Sociology 405/805

Problem Set 4

Due March 18, 2004

Problems on correlation and regression

 

1.  Corporate social responsibility correlations.  The data in Table 1 come from Report on Business, March 2004, pp.46-47, inserted in The Globe and Mail of February 27, 2004.  

a.  Choose one pair of indicator variables (COMM to HR) for which you anticipate a high correlation between the two variables and one pair for which you anticipate a smaller correlation.  Obtain the Spearman rank correlation coefficient for each pair and test for significance.  (See section 11.4.6, pp. 819-821 of chapter 11 of my text for the formulas).  Show calculations for computation of one of the Spearman correlation coefficients and the associated t-test.  Using the ranks from one pair, obtain the Pearson correlation coefficient for the ranks.  Compare with the Spearman correlation.

b.  Two commentators on corporate social responsibility argue in opposite directions – one claims that larger corporations can afford to be more socially responsible while the other argues that smaller corporations need to be more socially responsible in order to establish a more positive image.  By examining correlations between TOTAL and (i) employment, and (ii) revenues, is there evidence for either of these claims?
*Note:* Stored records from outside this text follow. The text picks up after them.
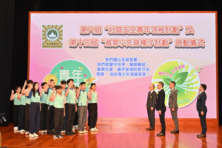 典禮上,首先進行第七屆「社區安全青年領袖計劃」及第12屆「滅罪小先鋒種子計劃」結業儀式,共有241位學員順利結業,司警局領導層和出席嘉賓向結業學員頒發結業證書,以及向127位表現優秀、積極參與防罪滅罪宣傳和社會義務工作的學員頒發獎狀。結業儀式結束後,隨即舉行第八屆「社區安全青年領袖計劃」及第13屆「滅罪小先鋒種子計劃」啟動儀式。今年分別有來自本澳七所高等院校的100名大學生,以及來自42所中學的300名中學生參加防罪培訓,在司警局領導層監誓和一眾來賓見證下,學員由代表帶領進行莊嚴宣誓,新一屆青少年防罪培訓計劃正式啟動。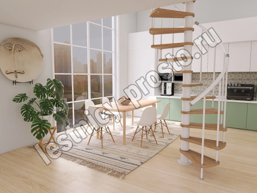 Винтовая лестница Prosto Spiral White D140см, h325.7-369.8 см, бук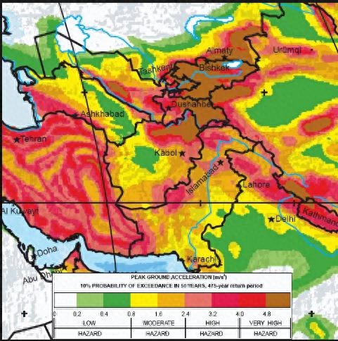 中亚是世界上另一个主要的地震区,地震最活跃的区域集中在黑海东岸穿过伊朗延伸至里海南岸的区域。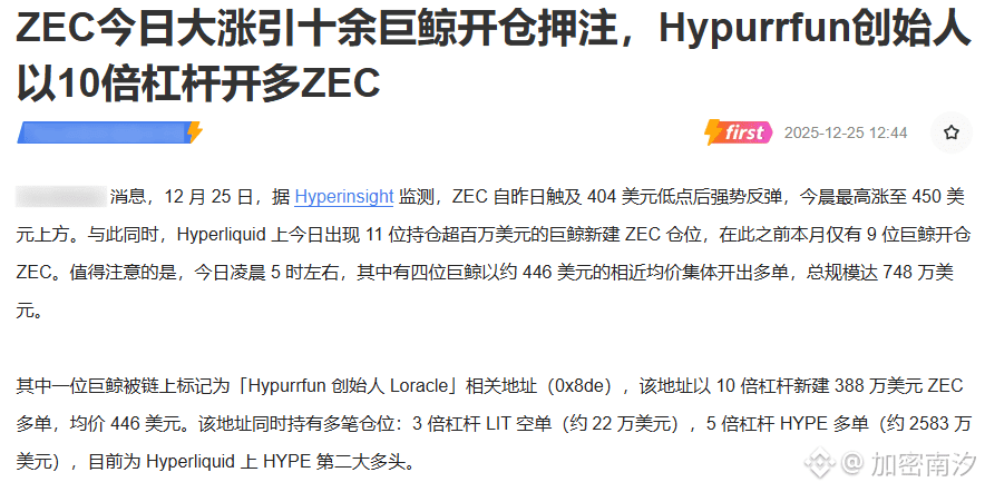 举个真实例子:去年LUNA暴跌前,也有巨鲸高杠杆抄底,结果爆得渣都不剩。今天这位Hypurrfun创始人用10倍杠杆押多,看似豪气,实则险棋——一旦ZEC跌破420,连环爆仓会像多米诺骨牌一样砸盘。市场永远不缺“勇敢者”,缺的是活下来的人。 你想做哪一种?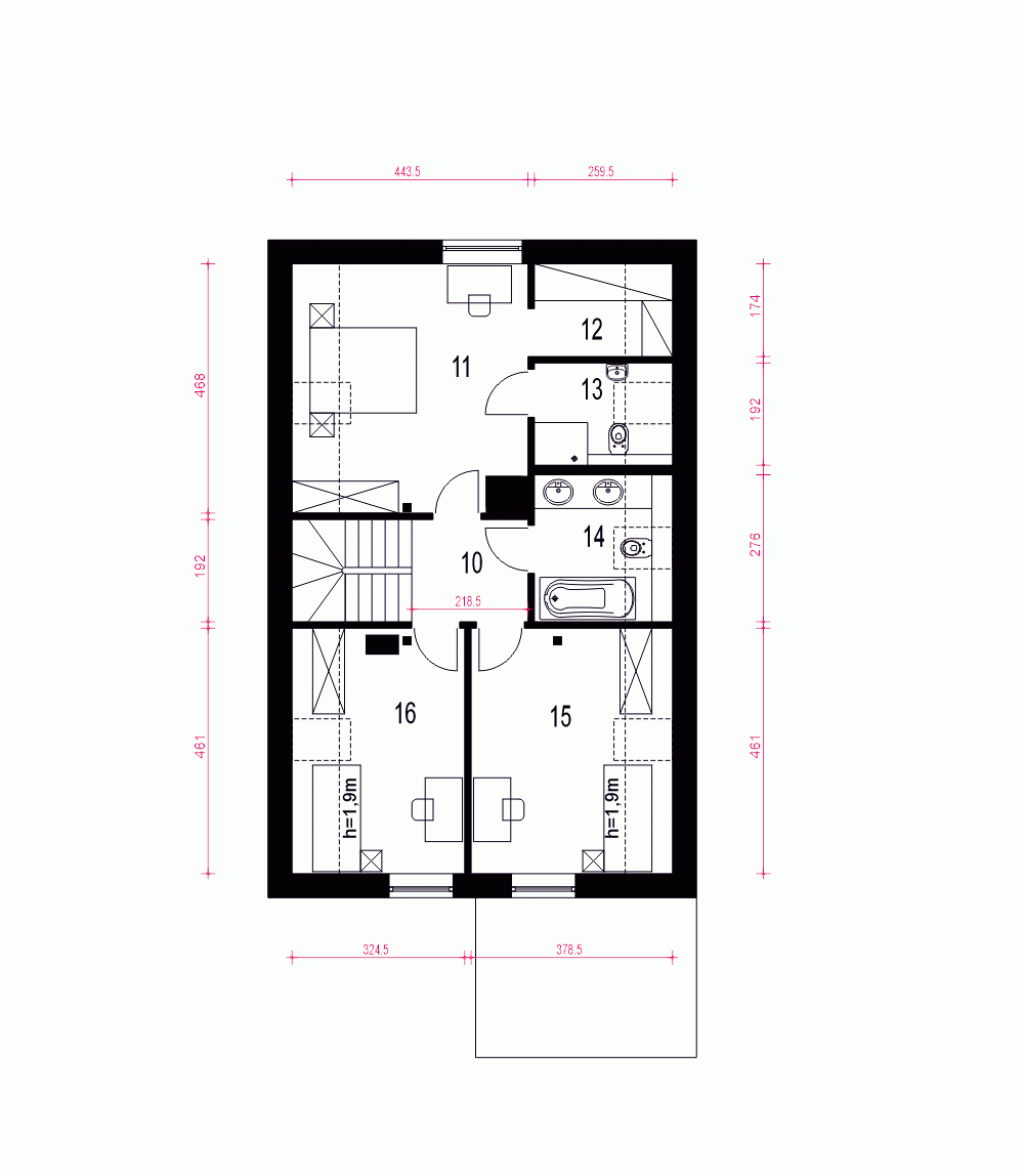 - Długość domu15.4 m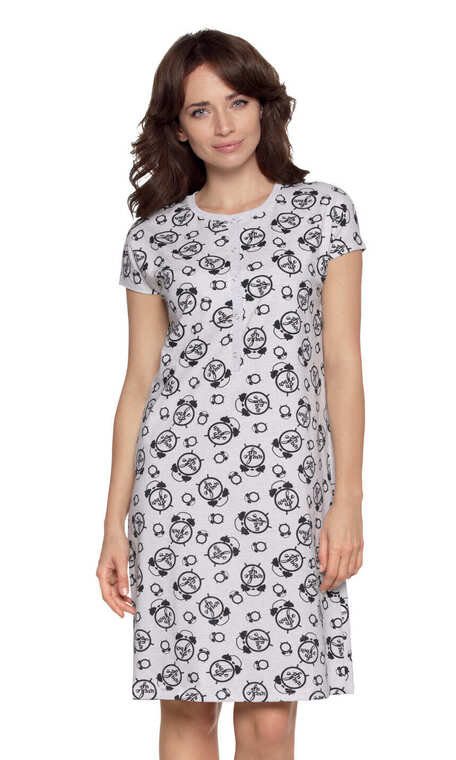 Cała z nadrukiem w mniejsze i większe budziki z napisem " wake up". Półokrągły dekolt wykończony szarą lamówką z tego samego materiału bez nadruku. Pośrodku materialowe listwy z zapięciem na pięć srebrnych nap. Krótki rękaw w formie szerokiego ramienia, tak jak i dół koszuli wykończony podwinięciem. Bardzo praktyczna.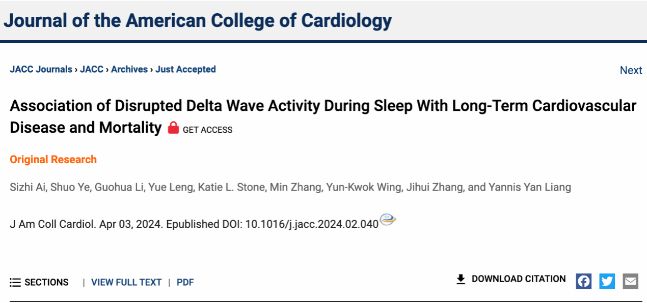 best365引进南山学者艾思志博士(第一作者兼共同通讯作者)及梁燕博士(最后通讯作者),及其所在best365中国官方网站附属脑科医院睡眠与节律医学中心张继辉课题组于2024年4月3日在心血管顶刊Journal of the American College of Cardiology 上发表文章 “Association of Disrupted Delta Wave Activity During Sleep With Long-Term Cardiovascular Disease and Mortality” ,该文揭示了深睡眠期间δ波活动中断可能是评估睡眠与心血管疾病及死亡风险的新指标。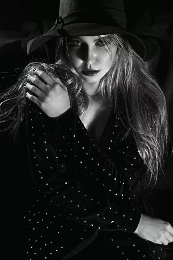 深色系的衣物加上较低的曝光量可以营造低调人像画面。为了避免画面暗部的层次尽失,在拍摄时用了两个方向的光源,营造出一种立体感,并适当照亮照片的暗部,显示出暗部足够多的细节。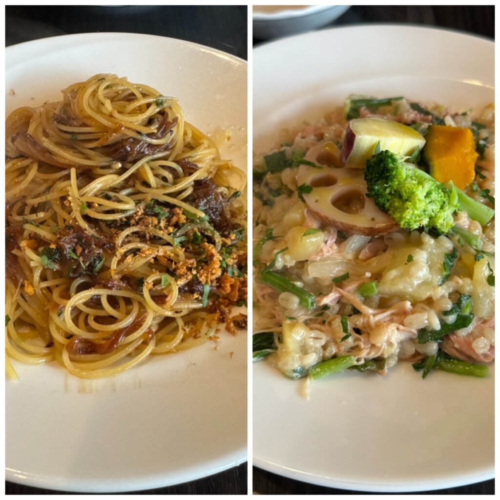 「飴色オニオンとアンチョビのパスタ」と「旬のお野菜と若鶏柔らか煮込みのクリームリゾット」 どちらも最高でした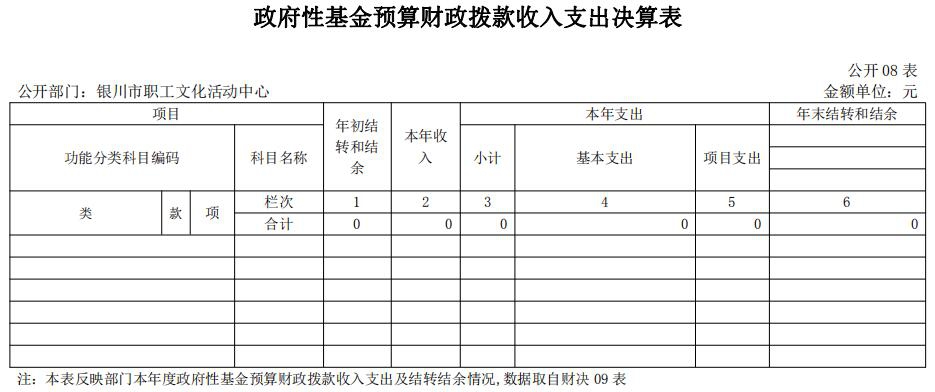银川市职工文化活动中心2018年度未发生政府性基金预算财政拨款收入支出数据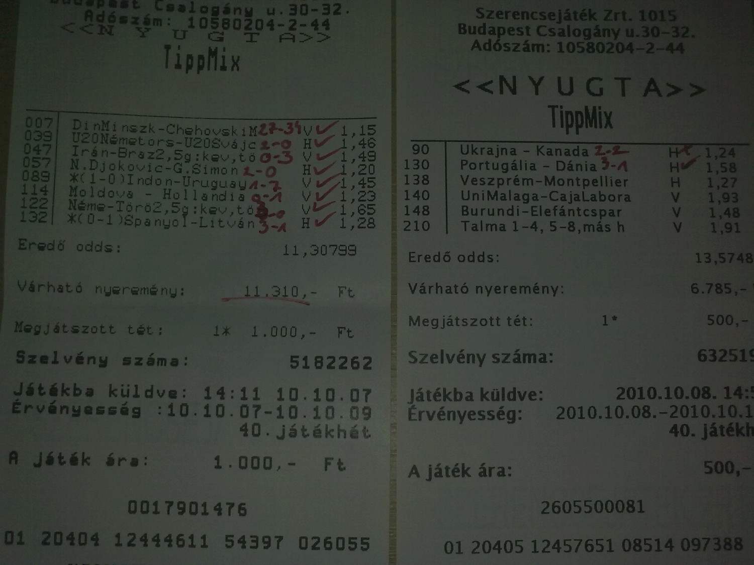 na ma is nyertem, 5/4 jött, ha magamra hallgatok most 5/5 lenne és 8k nyeremény, így csak 1700ft, sebaj, jó ez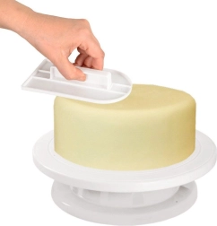 La base plate assure un lissage uniforme des crèmes et de la pâte à sucre afin d’obtenir des bords nets et une finition professionnelle.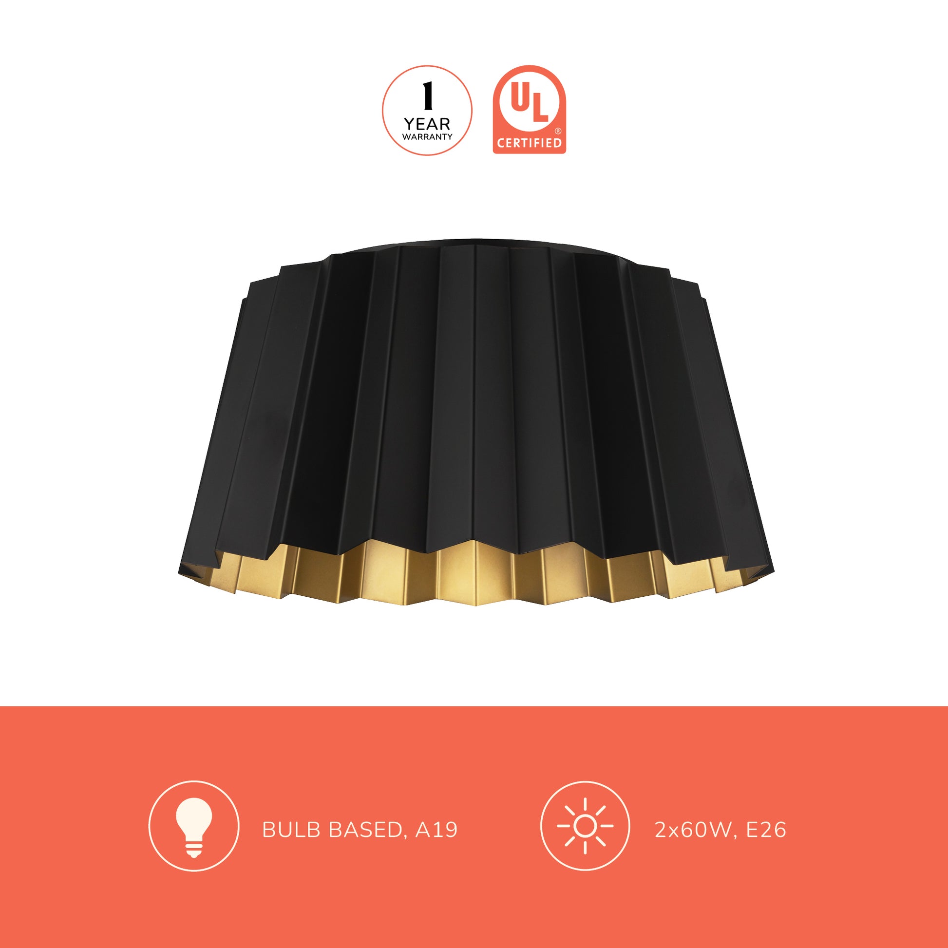 - 60W E26 or equivalent bulb required, not included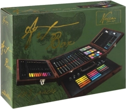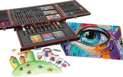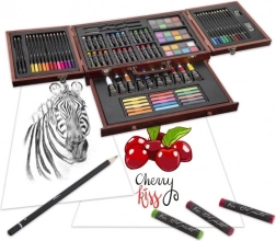 Deze rijk uitgeruste creatieve set van 103 stuks in een stevige houten koffer biedt alles wat je nodig hebt voor tekenen en schilderen. Dankzij de overzichtelijke vakken heb je alle hulpmiddelen altijd bij de hand en kun je je volledig concentreren op het creëren. Ideaal voor een thuisatelier, schoolprojecten en als geschenkset.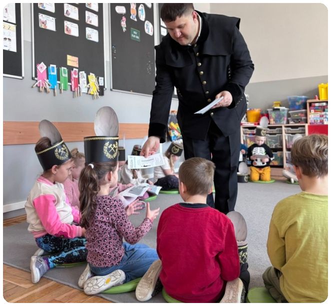 W tym tygodniu odwiedził nas prawdziwy Górnik z Kopalnia Soli „Wieliczka”, który opowiadał dzieciom o swojej pracy, pokazał górnicze czako oraz przybliżył legendę o św. Kindze. Dzieci były zachwycone i z ogromnym zaciekawieniem brały udział w zajęciach!

c.  Write a short note summarizing the results of a. and b. and any other observations you have on these data.

 

Table 1.  Scores (out of 100) on indicators of corporate social responsibility

COMPANY       REV    EMP  TOT COMM GOVERN CUSTOMER EMPLOYEE ENVIRON HR

H-P           1.8    --    75   69   71      63       77       83   69

Siemens       3.1    6.6   66   56   76      47       55       82   53

Nortel       10.6   37.0   61   78   71      50       61       59   45

Xerox         1.3    4.0   61   88   50      67       58       67   32

Celestica     8.3   38.0   52   56   62      50       53       52   24

GE            3.4    7.0   48   52   59      34       49       45   40

Bombardier   23.8   80.0   44   56   54      50       37       43   34

Rogers        2.0    4.1   42   39   52      52       48       32   27

ATI           1.4    2.3   39   22   45      50       45       31   41

Key:

Rev – corporate revenue in billions of dollars

Emp – employment in thousands

Tot – overall responsibility score

Comm – community and society

Govern – corporate governance

Customer – customers

Employee – employees

Environ – environment

HR – human rights

 

2.  Explaining wage differences.  The data in Table 2 are from a random sample of full-time, full-year Saskatchewan employees, surveyed by Statistics Canada in the Survey of Labour and Income Dynamics.  Survey data were obtained in 2001 and refer to respondents’ income and labour force activity during the 2000 calendar year.  This question asks you to obtain regression equations with wages and salaries (WAGES) as the independent variable and years of education (EDYRS) as the independent variable. 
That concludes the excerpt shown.